There are only three things you need to worry about with these labels:

  1.  The serving size folks!!! 

So often we don’t realize that a bottle of juice (for example) is broken up into 2-3 servings sizes on the label, leading us to believe that the whole bottle is only 100 calories and 20 grams of sugar.  When actually, the entire bottle is 16 ounces or more, with the serving size listed at 8 ounces! So the whole bottle is actually 200 calories with 40 grams of sugar.  Cereal is a perfect example of this.  WHO ONLY EATS ONE 8oz CUP OF CEREAL?? Lizard people, that’s who.

2.  The nutritional information provided is usually based on a diet of 2,000 calories.

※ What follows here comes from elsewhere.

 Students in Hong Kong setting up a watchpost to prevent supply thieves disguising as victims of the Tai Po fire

So if you’re eating a diet of less/more than 2,000 calories, the information provided in regards to Percent of Daily Values, i.e. Vitamin C, Fat, Sodium, etc. will be different for you.  Good luck calculating that.

3.  It’s estimated that calorie counts can be up to 50% inaccurate.

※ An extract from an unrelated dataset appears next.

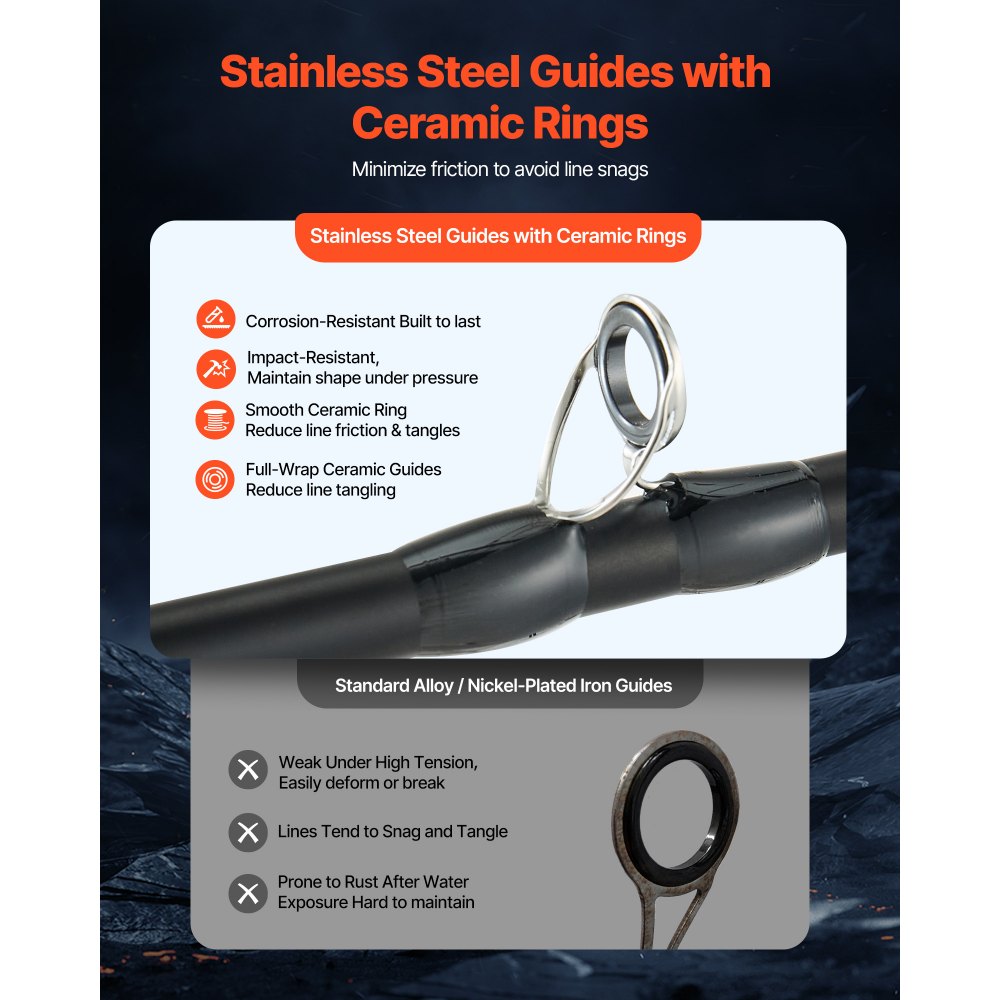 Anillos guía de cerámica: Fabricados en robusto acero inoxidable, estos anillos guía ofrecen una excelente resistencia a la corrosión y mantienen su forma incluso bajo fuertes impactos. Los anillos de cerámica lisos minimizan los enredos en la línea, garantizando una experiencia de pesca más fluida y eficiente

It’s expensive and time-consuming for companies to get accurate calorie counts, so a lot of them choose to use the U.S.D.A.’s published nutritional data for thousands of foods instead. Unfortunately recent studies have revealed that information to be inaccurate and outdated.  For instance, a study found that the estimated calorie count for almonds was off by about 32%.

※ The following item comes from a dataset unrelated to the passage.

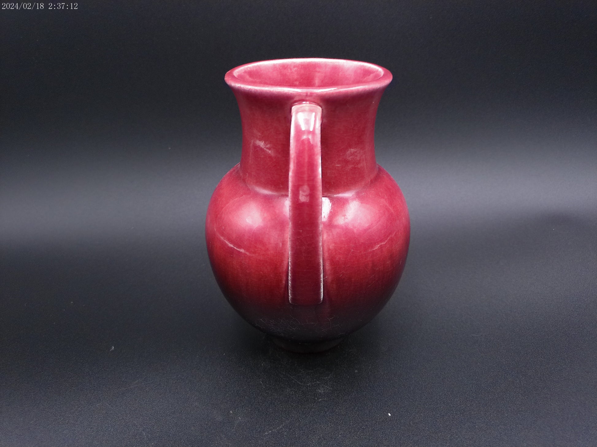 This Roseville jug vase features a vibrant red rose color with a signature and marking for authenticity. Handcrafted with care, this vase adds a touch of elegance to any room. Made to last, it's a beautiful addition to any collection.

That may not seem like much to most people, but to starving, obsessive-calorie-counters that’s a HUGE difference.

Ingredient List

Ingredients must be listed in descending order based on weight, meaning that the first ingredients listed will make up most of the product.  The popular cereal Trix can show us a good example of how companies try to draw your attention away from this fact:

http://1.bp.blogspot.com/-7uHJI--_B-k/UE4iu01AVrI/AAAAAAAAAQI/z6u5qLg64p0/s1600/Trix.jpg

LOOK OVER HERE FOLKS!  Our first ingredient is WHOLE GRAIN!  Good for the kids!

But if you look at the ingredients label, you’ll find that the “whole grain” is actually just corn, with the second ingredient being sugar.  So the majority of this “healthy whole grain cereal” is made up of sugary corn-goo, with corn syrup (more sugary corn goo) and canola oil following closely behind.  Awesome.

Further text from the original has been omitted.